Accountability is uncomfortable. No one wants to look at themselves and acknowledge that their actions (or inactions, for that matter) may have harmed other people, but it’s something we must do for the sake of our communities. We can do better.
I am not exempt from that. I can do better—and so can WebPT. This latest push of the BLM movement has forced me to reconcile my beliefs about equality and fairness with my lack of action.
We at WebPT have always known that pushing for diversity is important, but we never placed it at the highest priority level of our agenda. In recent weeks, we’ve solicited and received some critical feedback—both internally and externally—that revealed numerous areas where we can improve. For example, we’ve celebrated Pride for years—but we’ve never celebrated Black History Month, Women’s History Month, National Native American Heritage Month—the list goes on. Why did we single out Pride as our badge of honor for celebrating diversity?

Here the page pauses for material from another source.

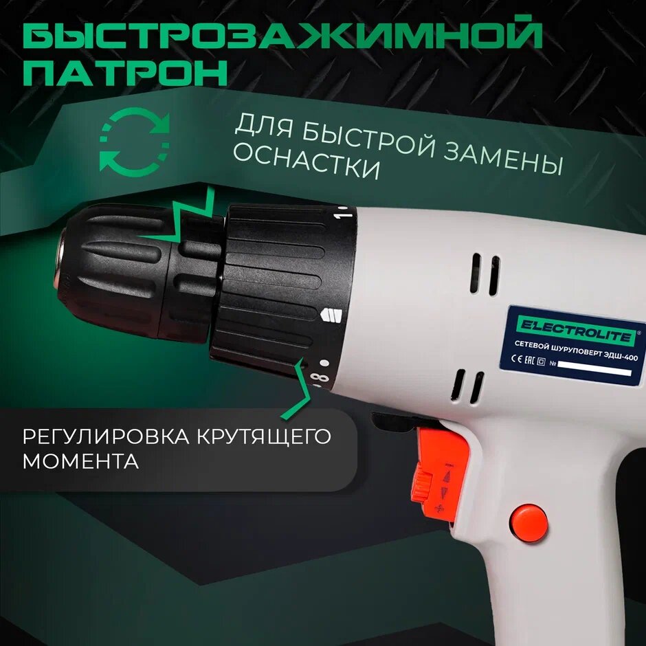 Шуруповерт электрический / дрель электрическая безударная Electrolite ЭДШ-400 15 Н*м 800 об/мин информация:

We have already changed our recruiting process to address some harms; we no longer ask candidates what they made at their previous job, as this continues the cycle of wage disparity among people of color and women. And we’re not stopping there—but we’re not taking a shotgun approach to changing our policies, either. Rather, we are being thoughtful, humble, and introspective—gathering feedback from our employees, vendors, and other stakeholders. We’re also seeking guidance from DEI (Diversity, Equity, and Inclusion) experts who will help us create a comprehensive company plan that also adheres to our core values. This plan will also include important changes to the WebPT application so that our products represent our culture as well.
We’ve always been proud of ourselves for curating a warm environment that welcomes everyone with open arms—but that pride blinded us from our weak spots. Going forward, we’ll be more intentional about promoting diversity, equity, and inclusion instead of waiting for a crisis to put it front and center.
No one wants to walk on eggshells day-in and day-out and constantly worry about saying or doing the wrong thing. That’s where a culture that values accountability comes in for the save. Everyone is going to misstep, and your clinic’s culture needs to encourage graciousness and open, safe communication. Everyone—especially organizational leaders—should feel comfortable pointing out mistakes when they see them. And everyone needs to know how to take criticism in stride, be vulnerable sharing feedback, and use this dialogue to improve future actions. We’re all learning, and we need to build each other up and have the humility to know when we’re wrong.
Systemic inequity is not a problem that we’re going to solve overnight. It’s complicated and messy, and it has seeped into nearly every facet of our everyday lives. But, I believe we have the tools and the agency to do better—to be better as individuals and as a profession. I believe we can create a better environment for our patients and our community. I believe that a better world is possible. Do you? Where are you going to start?